Without degeneracy, when would Solar cores collapse?

In summary, the standard language that "degeneracy pressure" is a mysterious form of additional pressure that is produced by degeneracy as electrons "get in each other's way" or "cannot be squeezed any closer", and it is finally overcome by gravity when the core reaches the Chandrasekhar mass of about 1.4 solar masses would lead you to believe that the core would collapse at any mass less than 1.4 solar masses.
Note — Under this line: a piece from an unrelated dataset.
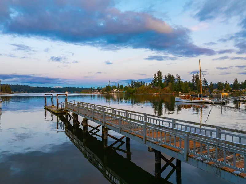 Rare, deep water moorage on Liberty Bay in beautiful Poulsbo, WA. This stunning property boasts breathtaking water views that can be enjoyed from most areas of the home. Situated on a spacious .52 acre lot with 90 feet of waterfront, this home offers plenty of outdoor space for entertaining. The detached 3 car garage/shop provides ample storage and the third bay/shop has 220 voltage. Whether you're dreaming of a full renovation or selective updates, the potential is unmatched. Nestled in a desirable neighborhood with mature landscaping and excellent bones, this is the perfect canvas to create your forever home. A little vision will go a long way! The deep water dock is perfect for launching your boat or paddleboard and exploring the bay!
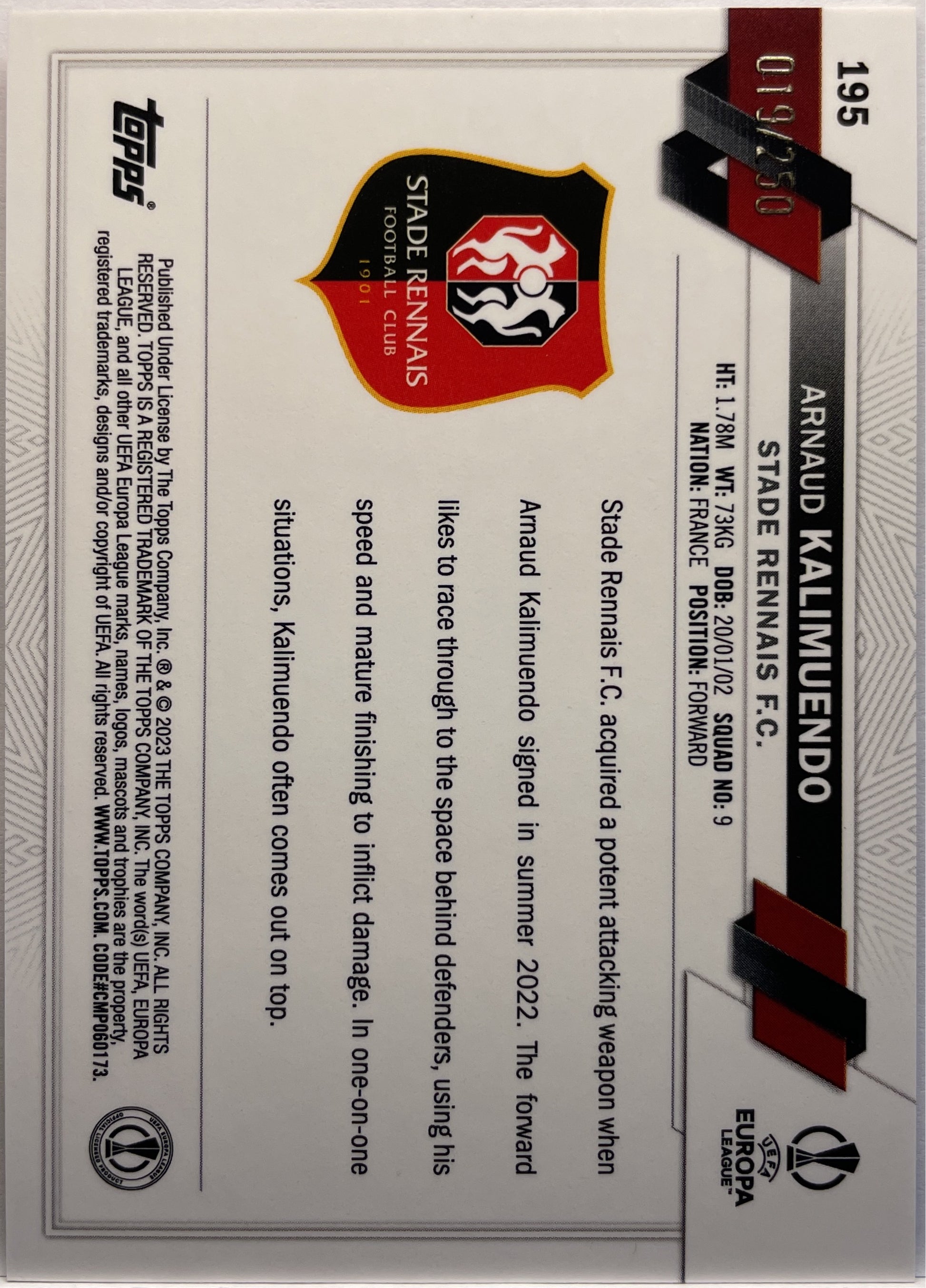 Arnaud Kalimuendo 19/250 Rookie Pink Topps Chrome UCC 2022/23 Stade Rennais FC

However, if you take into account the fact that the iron core is insulated from the fusion shell around it and is not losing heat, then the core will not collapse until it reaches a mass of about 0.9 solar masses.
  • #106
Ken G said:
if you are considering an adiabatic process, why bring in the Fermi energy at all?
There might be some confusion about the term "Fermi energy". I am using it in the sense that S&T use it; but the way S&T calculate it has implications that seem to me to make it relevant in any process.

S&T calculate what they call the Fermi energy as follows: first they calculate the "Fermi momentum" ##p_F## by using the uncertainty principle: for an object containing ##N## fermions in a star of radius ##R##, the fermion number density is ##n = N / R^3## and the uncertainty in position of a given fermion (i.e., the size of the "cell" in space that it occupies) is ##\approx 1 / n##. The uncertainty in momentum is then ##p_F \approx \hbar n^{1/3}##.
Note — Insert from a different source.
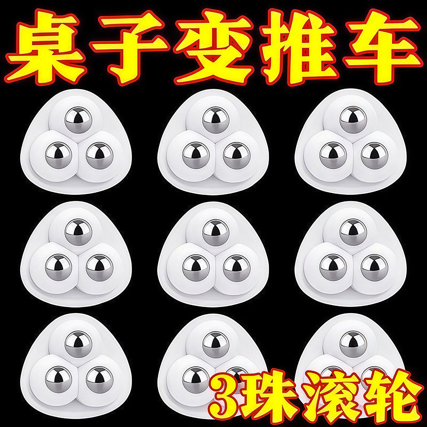 创意万向滚珠三珠滑轮粘贴式静音可移动轮子五金家具耐磨承重脚轮
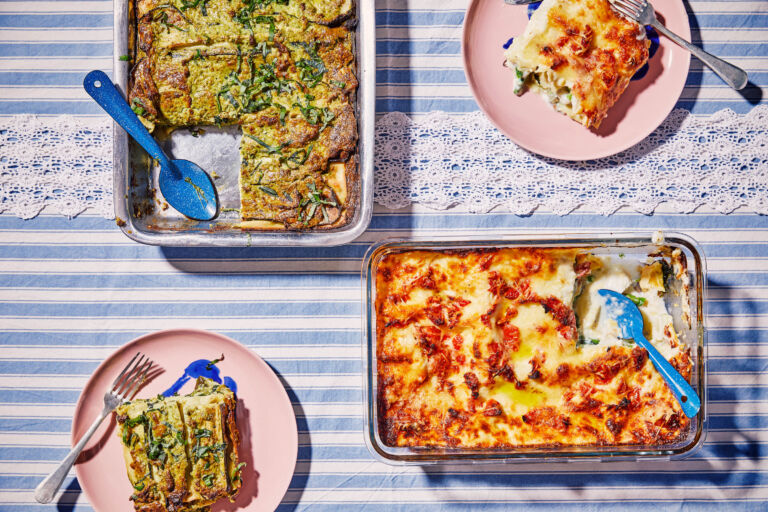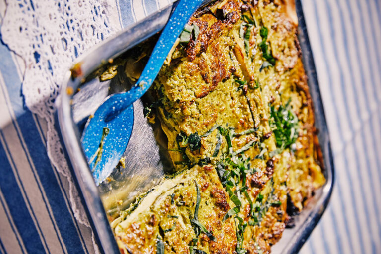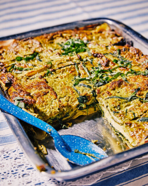 Lasagna with zucchini, spinach, and pesto

The Fermi energy is then obtained using the obvious formula for whichever regime is under consideration: in the non-relativistic regime, ##E_F = p_F^2 / 2m##, and in the relativistic regime, ##E_F = p_F c##.

This calculation seems to me to be relevant regardless of the particular value of ##R## or the particular process under consideration; it is, so to speak, giving at least a minimum value of kinetic energy per electron. The electron would have exactly this kinetic energy at zero temperature in an object containing ##N## electrons with that radius ##R##; it could have more at finite temperature; but it can't have less.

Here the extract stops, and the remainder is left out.